§ Your instructions:
Reproduce the records. Keep every word exact and include no images.

§ Records provided:
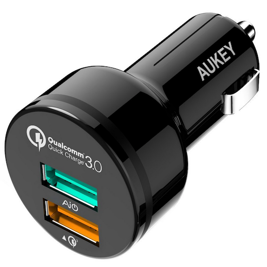 Das iPhone (ja teilweise auch das iPad) wird inzwischen von immer mehr Nutzern im Auto als Navigationsgerät verwendet. Das Problem dabei ist, dass man quasi dabei zusehen kann, wie die Kombination aus ständig eingeschaltetem Display und permanenter GPS-Verbindung den Akku in kürzester Zeit leer saugt. In diesem Szenario, aber auch wenn der Akku generell mal wieder schwächelt, kommt man um ein Ladegerät für den guten, alten Zigarettenanzünder, bzw. den 12V- oder 24V-Anschluss nicht drum herum. Aktuell gibt es in diesem Segment gleich zwei interessante Produkte zu vermelden. Zunächst richten wir den Blick auf den Gadget-Hersteller Aukey, der aktuell sein KFZ-Ladegerät mit 2 USB-Ports per Amazon-Rabattcode zum Sonderpreis anbietet. Statt der normalerweise veranschlagten € 11,99 werden so lediglich noch € 3,99 fällig. Auch wenn Aukey angibt, dass das Ladegerät mit Qualcomm Quick Charge 3.0 für HTC, Xiaomi und Co. optimiert ist, lassen sich hiermit auch iPhone und iPad problemlos laden. Nur QuickCharge wird von den Apple-Geräten nicht unterstützt. Um den Sonderpreis in Anspruch nehmen zu können, wird der Rabattcode GCRBV7SZ wie gewohnt kurz vor dem Bezahlvorgang an der Amazon-Kasse eingegeben, woraufhin der Rabatt vom Originalpreis abgezogen wird. Der folgende Link führt direkt zur Angebotsseite bei Amazon: AUKEY Kfz Ladegerät Dual Port
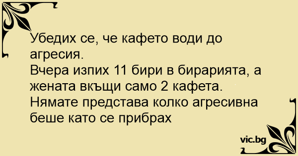 Вчера изпих 11 бири в бирарията, а жената вкъщи само 2 кафета.
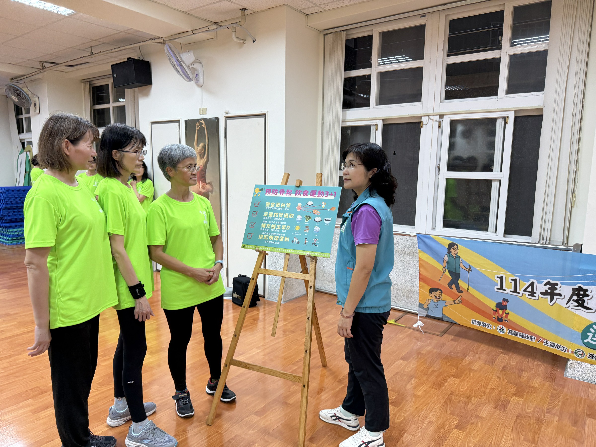 ↑圖說:趙紋華(穿藍色背心者)呼籲鄉親多攝取富含鈣質和維生素D的食材,以及優質蛋白質,再搭配規律運動強健骨骼、延緩肌肉流失。(圖片來源:嘉義縣衛生局提供)
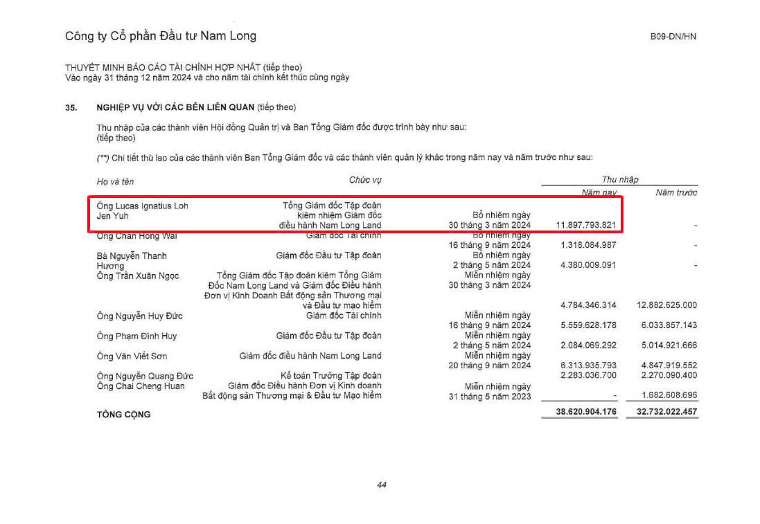 Người có thu nhập cao nhất Tập đoàn Nam Long trong năm qua là CEO Lucas Ignatius Loh Jen Yuh với gần 12 tỷ đồng, tương ứng 1 tỷ đồng/tháng. Xếp thứ 2 là ông Văn Viết Sơn - cựu CEO Nam Long Land (miễn nhiệm vào tháng 9/2024) với 6,3 tỷ đồng. Chủ tịch HĐQT Nguyễn Xuân Quang thu nhập 4,6 tỷ đồng.
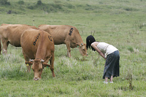 小山の反対側で草を食んでいる二頭の牛に出くわした。ボクも驚いたが彼等も目を丸くして固まっている。長いにらみあいが続く。

§ Result for this task:
 Das iPhone (ja teilweise auch das iPad) wird inzwischen von immer mehr Nutzern im Auto als Navigationsgerät verwendet. Das Problem dabei ist, dass man quasi dabei zusehen kann, wie die Kombination aus ständig eingeschaltetem Display und permanenter GPS-Verbindung den Akku in kürzester Zeit leer saugt. In diesem Szenario, aber auch wenn der Akku generell mal wieder schwächelt, kommt man um ein Ladegerät für den guten, alten Zigarettenanzünder, bzw. den 12V- oder 24V-Anschluss nicht drum herum. Aktuell gibt es in diesem Segment gleich zwei interessante Produkte zu vermelden. Zunächst richten wir den Blick auf den Gadget-Hersteller Aukey, der aktuell sein KFZ-Ladegerät mit 2 USB-Ports per Amazon-Rabattcode zum Sonderpreis anbietet. Statt der normalerweise veranschlagten € 11,99 werden so lediglich noch € 3,99 fällig. Auch wenn Aukey angibt, dass das Ladegerät mit Qualcomm Quick Charge 3.0 für HTC, Xiaomi und Co. optimiert ist, lassen sich hiermit auch iPhone und iPad problemlos laden. Nur QuickCharge wird von den Apple-Geräten nicht unterstützt. Um den Sonderpreis in Anspruch nehmen zu können, wird der Rabattcode GCRBV7SZ wie gewohnt kurz vor dem Bezahlvorgang an der Amazon-Kasse eingegeben, woraufhin der Rabatt vom Originalpreis abgezogen wird. Der folgende Link führt direkt zur Angebotsseite bei Amazon: AUKEY Kfz Ladegerät Dual Port
 Вчера изпих 11 бири в бирарията, а жената вкъщи само 2 кафета.
 ↑圖說:趙紋華(穿藍色背心者)呼籲鄉親多攝取富含鈣質和維生素D的食材,以及優質蛋白質,再搭配規律運動強健骨骼、延緩肌肉流失。(圖片來源:嘉義縣衛生局提供)
 Người có thu nhập cao nhất Tập đoàn Nam Long trong năm qua là CEO Lucas Ignatius Loh Jen Yuh với gần 12 tỷ đồng, tương ứng 1 tỷ đồng/tháng. Xếp thứ 2 là ông Văn Viết Sơn - cựu CEO Nam Long Land (miễn nhiệm vào tháng 9/2024) với 6,3 tỷ đồng. Chủ tịch HĐQT Nguyễn Xuân Quang thu nhập 4,6 tỷ đồng.
 小山の反対側で草を食んでいる二頭の牛に出くわした。ボクも驚いたが彼等も目を丸くして固まっている。長いにらみあいが続く。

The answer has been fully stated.